Mbak Yati rutin mencatat pengeluaran belanja tiap hari. Jika sudah habis, dia  cukup bilang kepada salah satu dari kami bertiga, uang kami beri lagi. Begitu saja selama beberapa minggu. Sampai suatu hari...

Desi, salah satu dari kami, kaget karena ternyata uang belanja patungannya sudah termasuk pembelian beras. Selama ini dia memberi mbak Yati uang sebesar dua ribu rupiah setiap kali mengambil nasi dari mbak Yati (anggap saja membeli). Padahal sudah sangat jelas, ketika menyerahkan beras saya berkata, ini beras untuk kami bertiga: saya, mbak Emi, dan Desi. Ditambah lagi cerita teman-teman lain yang sangat mengetahui persis harga sayuran. Juga tentang hitungan beras yang tidak masuk akal, terlalu cepat habis untuk porsi makan kami yang seukuran diet (bukan diet juga sih maksudnya). Intinya, mbak Yati tidak jujur dalam mengelola keuangan belanja kami (mark up harga dan pemborosan beras).

Kami berunding. Mengambil sikap, memutuskan bahwa kami akan memasak nasi sendiri (berlima). Kami juga akan membeli sayuran sendiri. Kebetulan, Desi masuk lebih siang dan lokasi kantornya sangat dekat dengan kos. Sejak saat itu kami tidak bisa percaya 100% pada mbak Yati. Kunci kamar selalu terkunci, meski hanya menjemur cucian, ke kamar mandi atau ke dapur.

Muncul ide untuk sekedar menguji. Saya menaruh uang kecil di saku baju. Dua kali saya menaruhnya, tidak ada yang kembali setelah dia cuci. Bukan apa-apa, ide ini saya dapat dari teman-teman yang sudah berumah tangga sebagai salah satu cara untuk mengetes ART.

Memiliki asisten rumah tangga sepertinya sebuah keharusan bagi ibu rumah tangga yang bekerja, apalagi di kota besar. Tapi kenyataannya kondisi sekarang tidak semudah dulu. Katanya, dulu lebih mudah , mencari ART yang jujur dan bisa bekerja dengan baik. Sekarang ini, urusan kantor bisa jadi nomor sekian jika sudah dilanda krisis ART. Alternatif yang mungkin adalah memiliki ART tapi tetap ada pihak keluarga yang mengawasi, misal orang tua kita.
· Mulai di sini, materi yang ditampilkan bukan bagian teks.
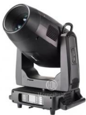
700W profile moving head
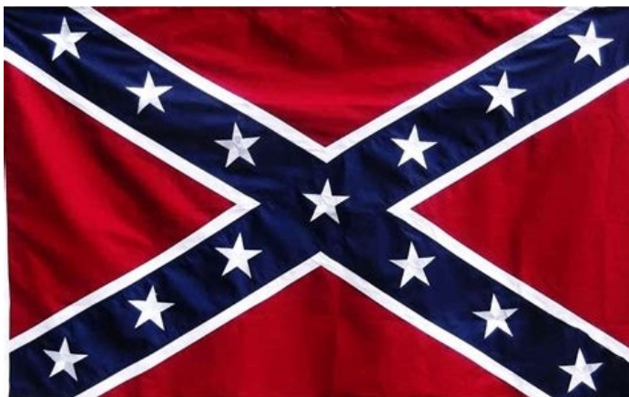
Confederate Battle Flag

The UDC claimed its behavior toward the Flaggers was un-chivalrous because it feared jeopardizing its tax-exempt status by welcoming "political activists." A more honest explanation is the UDC recognizes that its own efforts appear timid and confused in contrast to those of the Flaggers . The UDC's leadership alleges that it is an honored tradition not to display the Battle Flag in a "casual" manner to avoid "trivializing" it, but a better explanation is that the Battle-Flag has become an embarrassment to them.

Ada juga pemikiran (dari teman-teman yang sudah hopeless) untuk resign dan fokus menjadi ibu rumah tangga: mengurus anak, suami, dan rumah.

Alasan yang sepertinya cukup kuat untuk mempertahankan pekerjaan adalah karena umur manusia (suami) tidak bisa diduga. Perempuan harus siap ditinggal kapan pun, pesan ibu saya.